The Multiliterate Mind explores how multilingualism, multiliteracy, and proficiency intersect in a rapidly changing, AI-infused world. Through conversations with educators, researchers, and leaders across languages and continents, the podcast will reimagine what it means to teach, learn, and communicate in the 21st century.

At the heart of the podcast lies Proficiency First Multiliteracies (PFM) — the theoretical framework guiding its vision. PFM looks at multilingualism and multiliteracy through a proficiency lens, positioning language ability as the foundation of meaning-making across languages, cultures, and modes.

Episode 1 (Feb 4, 2026)

We welcome David Bong, CEO and co-founder of Avant Assessment, and we celebrate Avant’s 25th anniversary with a toast. We begin with David’s personal language journey. He shares that language did not feel relevant in high school, but college changes everything when he becomes fascinated with Japan during the Vietnam War era. Living in Japan for roughly a decade and spending time in Hong Kong, he experiences the moment language “clicks” on a Tokyo commute, when a simple conversation opens an entirely new world.

We connect that lived experience to why Avant exists. David explains how language and cultural misunderstandings in Japan can escalate into real workplace problems, including conflict, mistrust, and serious organizational fallout. Those patterns, combined with Sheila’s experience negotiating across cultures, push them to “change the way language is learned and taught.” In Eugene, Oregon, they partner with Dr. Carl Falsgraf, whose online proficiency assessment brings standards to life at scale. Together, we launch Avant on January 8, 2001, centered on the idea that proficiency is about what learners can actually do with language across reading, writing, listening, and speaking.

From there, we move into the present moment: AI is reshaping communication, learning, and assessment. We challenge the assumption that translation tools will eliminate the need for human language learning, and we spotlight what AI still struggles to capture, especially culture, register, hierarchy, and what sits “inside” the words. We explore how writing changes when people routinely draft with AI, and we distinguish between assessing someone’s independent writing ability and assessing their ability to collaborate with AI while preserving voice and intent. We introduce the idea that teaching writing without AI remains essential, not as rejection, but as a foundation that makes AI use more effective and more authentic.

Finally, we look ahead. We discuss how AI can merge assessment and learning through continuous, low-stress, data-rich practice, giving teachers better insight and more targeted support. We close with a simple call: language learning matters because it builds communication, cultural perspective, empathy, humility, and the human skills we keep saying we want.

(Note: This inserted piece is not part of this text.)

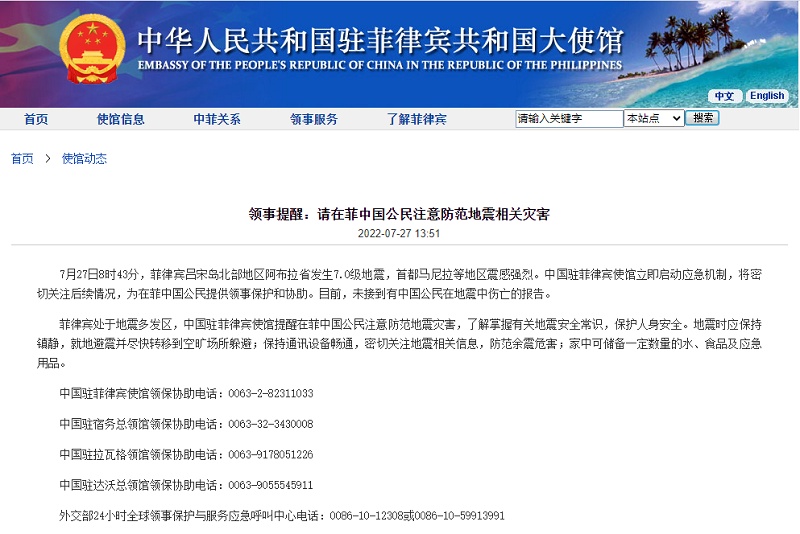 人民網(wǎng)訊 據(jù)中國(guó)駐菲律賓大使館網(wǎng)站消息,7月27日8時(shí)43分,菲律賓呂宋島北部地區(qū)阿布拉省發(fā)生7.0級(jí)地震,首都馬尼拉等地區(qū)震感強(qiáng)烈。中國(guó)駐菲律賓使館立即啟動(dòng)應(yīng)急機(jī)制,將密切關(guān)注后續(xù)情況,為在菲中國(guó)公民提供領(lǐng)事保護(hù)和協(xié)助。目前,未接到有中國(guó)公民在地震中傷亡的報(bào)告。

00:00 Welcome to The Multiliterate Mind
00:31 Meet David Bong + Avant’s 25th anniversary toast
01:47 Why language did not connect in high school
02:17 Fascination with Japan and moving to Asia
02:59 The “first real conversation” moment in Japanese
03:54 How language misunderstanding drives real workplace risk
05:14 Why David and Sheila want to change language education
06:30 Building STAMP and launching Avant (Jan 8, 2001)
08:49 Proficiency: what we can actually do with language
10:32 AI, translation, and what culture adds beyond words
11:49 Writing in the AI era and what assessment should measure
16:24 Keeping voice and reducing “AI dialect”
21:04 What stays fundamental without AI
22:18 Merging assessment and learning with AI feedback
31:29 Making the case for language as a core subject
39:17 One takeaway: travel where you do not speak the language
39:37 Closing and call to action

Multiliterate Mind Trailer

The Multiliterate Mind will explore how multilingualism, multiliteracy, and proficiency intersect in a rapidly changing, AI-infused world. Through conversations with educators, researchers, and leaders across languages and continents, the podcast will reimagine what it means to teach, learn, and communicate in the 21st century.

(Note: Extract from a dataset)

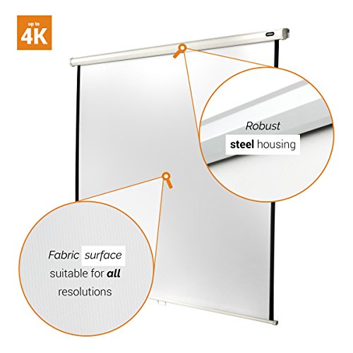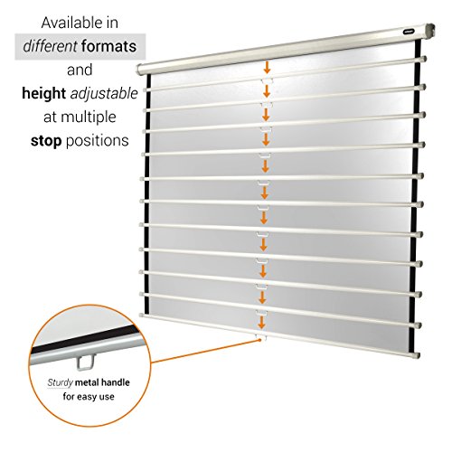 Pull down projector screen is hight adjustable: suitable for different aspect ratios (1:1, 4:3, 16:9 formats)

At the heart of the podcast lies Proficiency First Multiliteracies (PFM) — the theoretical framework guiding its vision. PFM looks at multilingualism and multiliteracy through a proficiency lens, positioning language ability as the foundation of meaning-making across languages, cultures, and modes.

In this view:

  • Proficiency is not just a metric; it’s the process through which humans construct and share understanding.
  • Multiliteracies recognize that communication now spans written, oral, visual, and digital forms.
  • Proficiency First unites these ideas into a single, human-centered framework for learning in an AI-driven world.